The adversary, previous to this had tried hard and was determined to crush me. I plead with the Lord to help me, and said, "Oh Lord, take it away. I want none of it, don't let if follow me." It immediately vanished and my spirit was taken from my body at least for 10 hours before it returned.

And all these things shown me has surely been an anchor and solace to me in the many trials and tribulations which I have passed through. I am now 80 years of age, and am having this written from what I can remember, thinking perhaps some of my children and descendants would like to read them what I have passed away.

My first acquaintance with the Prophet Joseph Smith.

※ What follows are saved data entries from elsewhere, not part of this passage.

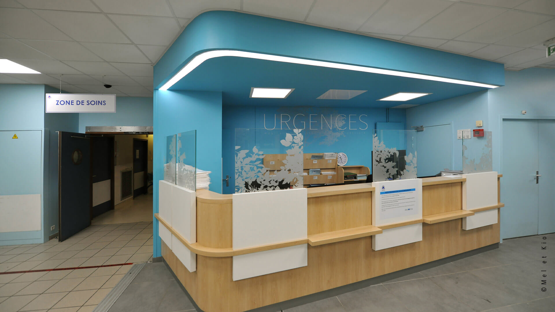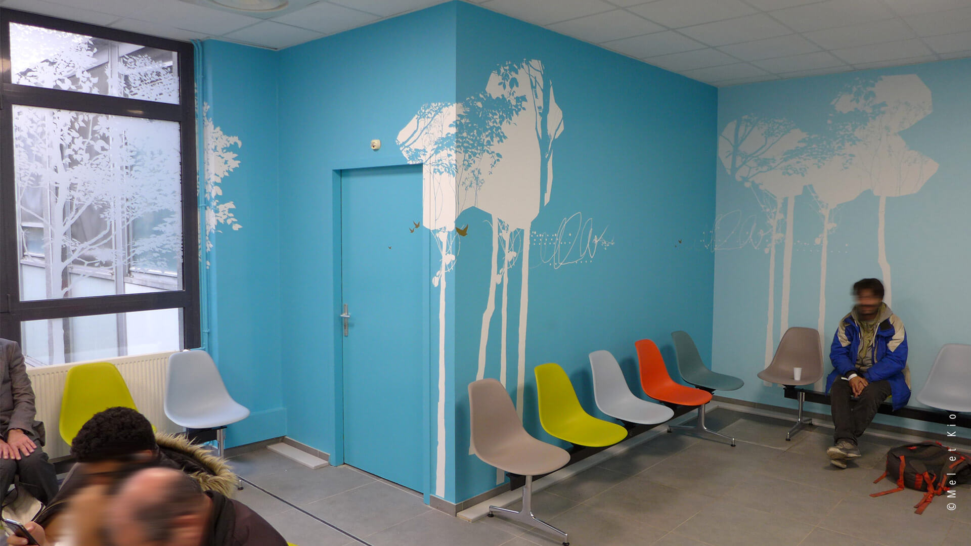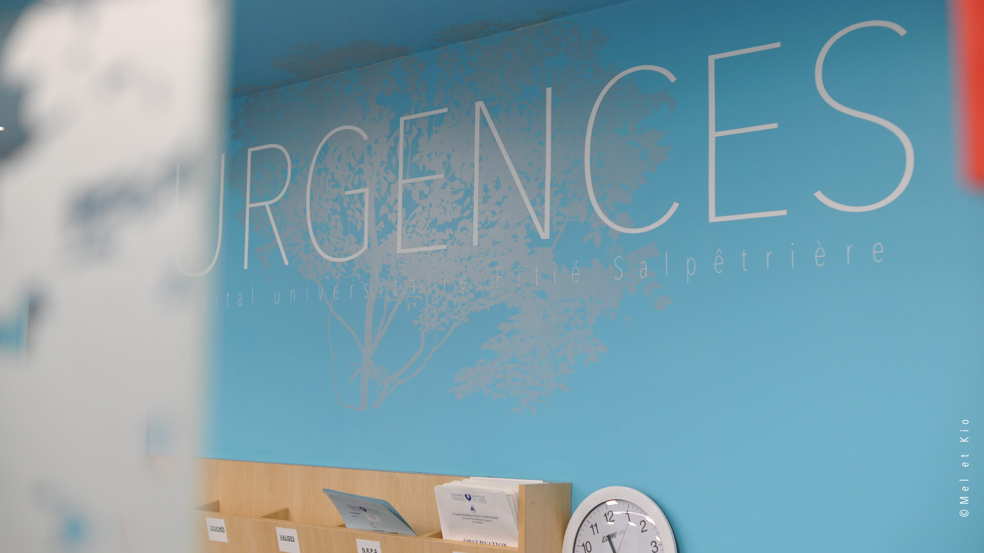 Décors muraux des urgences de l’hôpital de la Pitié Salpêtrière et habillage de la banque d’accueil
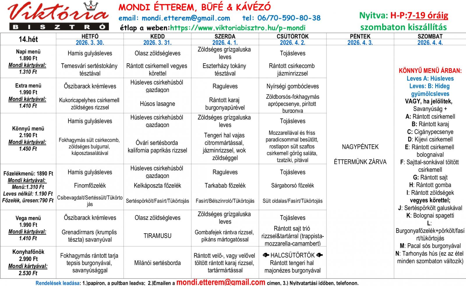 Az alábbi étlap kizárólag a Mondi Szada Gyár területén található munkahelyi étteremben történő helyszíni fogyasztásra érvényes.
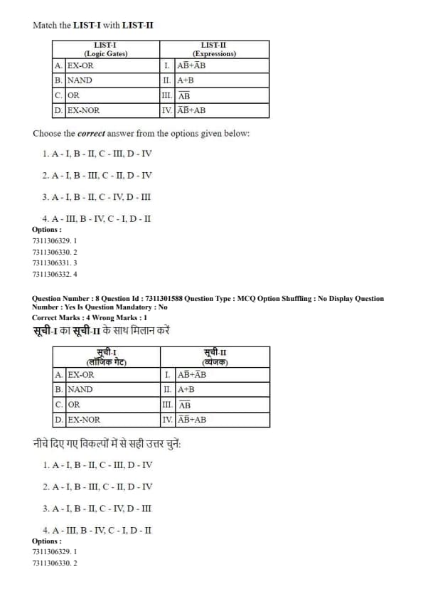 - D. EX-NOR: The Exclusive-NOR gate outputs true only when the inputs are the same. Its expression is \( \overline{A \oplus B} = AB + \bar{A}\bar{B} \). This matches expression IV. So, D \(\rightarrow\) IV.
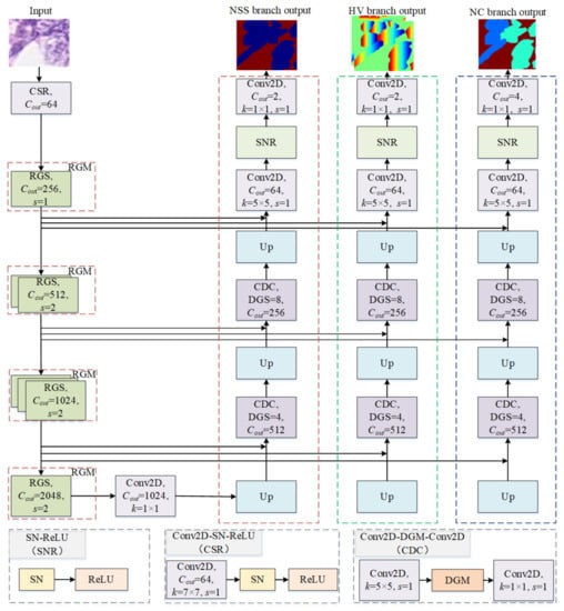 The structure of GSN-HVNET. Our proposed network contains an encoder and a decoder. The encoder, which extracts an effective set of features, is composed of a CSR block, four RGMs, and a Conv2D. The decoder is composed of three branches to achieve accurate nuclei instance segmentation and classification simultaneously.
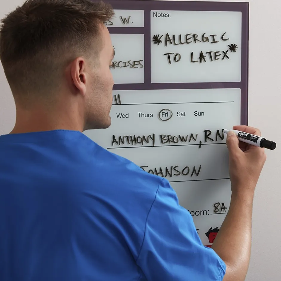 Draw diagrams or design presentations with this 4-count pack of EXPO dry-erase markers. The chisel tip lets you create wide or thin lines, and integrated magnets stick each pen to any metal surface for easy storage. The vivid colors of these EXPO dry-erase markers are visible from a distance and easily erased from whiteboards or other nonporous surfaces.
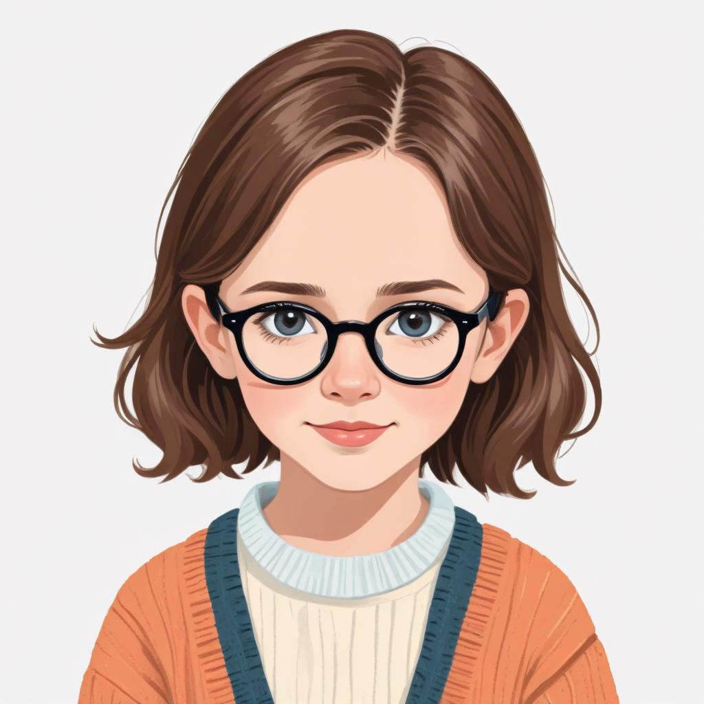 A young girl with brown hair and glasses smiles gently. She wears a cozy orange sweater and a white shirt underneath, creating a warm look.
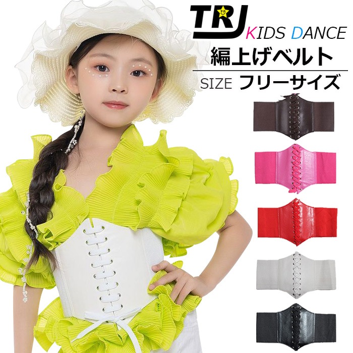 正午まで当日発送(土日祝除く)コルセット風 太ベルト 編み上げ レースアップ 幅広 女の子 子供 フェイクレザー 無地 レッド ブ...
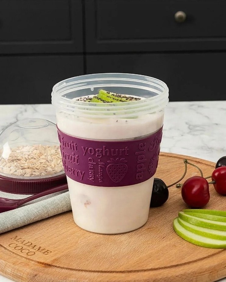 Meyve temalı yazılı silikon bantlı pastel mor renkli saklama kabı, yoğurt veya atıştırmalıklar için uygun.
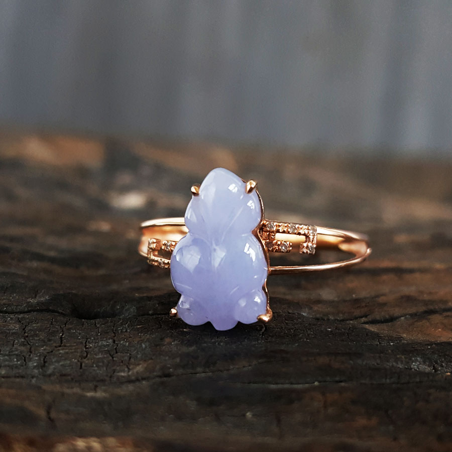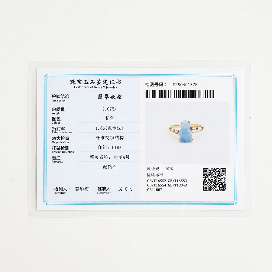 名称 | AU750玫瑰金镶钻镶天然糯种紫罗兰金鱼翡翠(年年有余)戒指 |
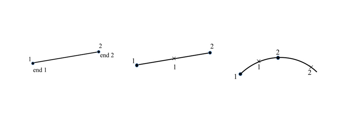 Element types available in ABAQUS and can be used to model reinforcement steel bars, namely truss elements (T3D2), linear beam elements (B31) and quadratic beam elements (B32). The two-node T3D2 element allows constant axial stress along its length and has no stiffness when subjected to loading perpendicular to the axis of the element. On the other hand, beam elements B31 and B32 are Timoshenko beam elements resulting in axial, shear and flexural stiffness. B32 uses quadratic interpolation functions for position and displacement whilst B31 is a 3D linear Timoshenko beam element. The three elements mentioned, their associated notes and geometry are shown in Figure 7.

As early as February, 1831, I first met Joseph Smith in my Uncle Sidney Gilbert's house. This was the first day he arrived in Kirtland, and while he was in the house conversing with my uncle and aunt, I being at the front gate, saw a wagon turn over as it was coming down the slippery hill, and heard a woman and 2 or 3 children screaming. This was Joseph's family. I ran in and told Joseph and Uncle about it, and Joseph ran to assist them without his hat. My first impression was, that if any of the occupants were hurt seriously that Joseph could heal them, but none of them were hurt. Joseph and my uncle returned to the house. He asked my uncle if I was his son. He said, "No, I was his wife's nephew," "Well," he said, "the Lord has shown him great things." I truly had seen Joseph and Hyrum in my vision in December 1830.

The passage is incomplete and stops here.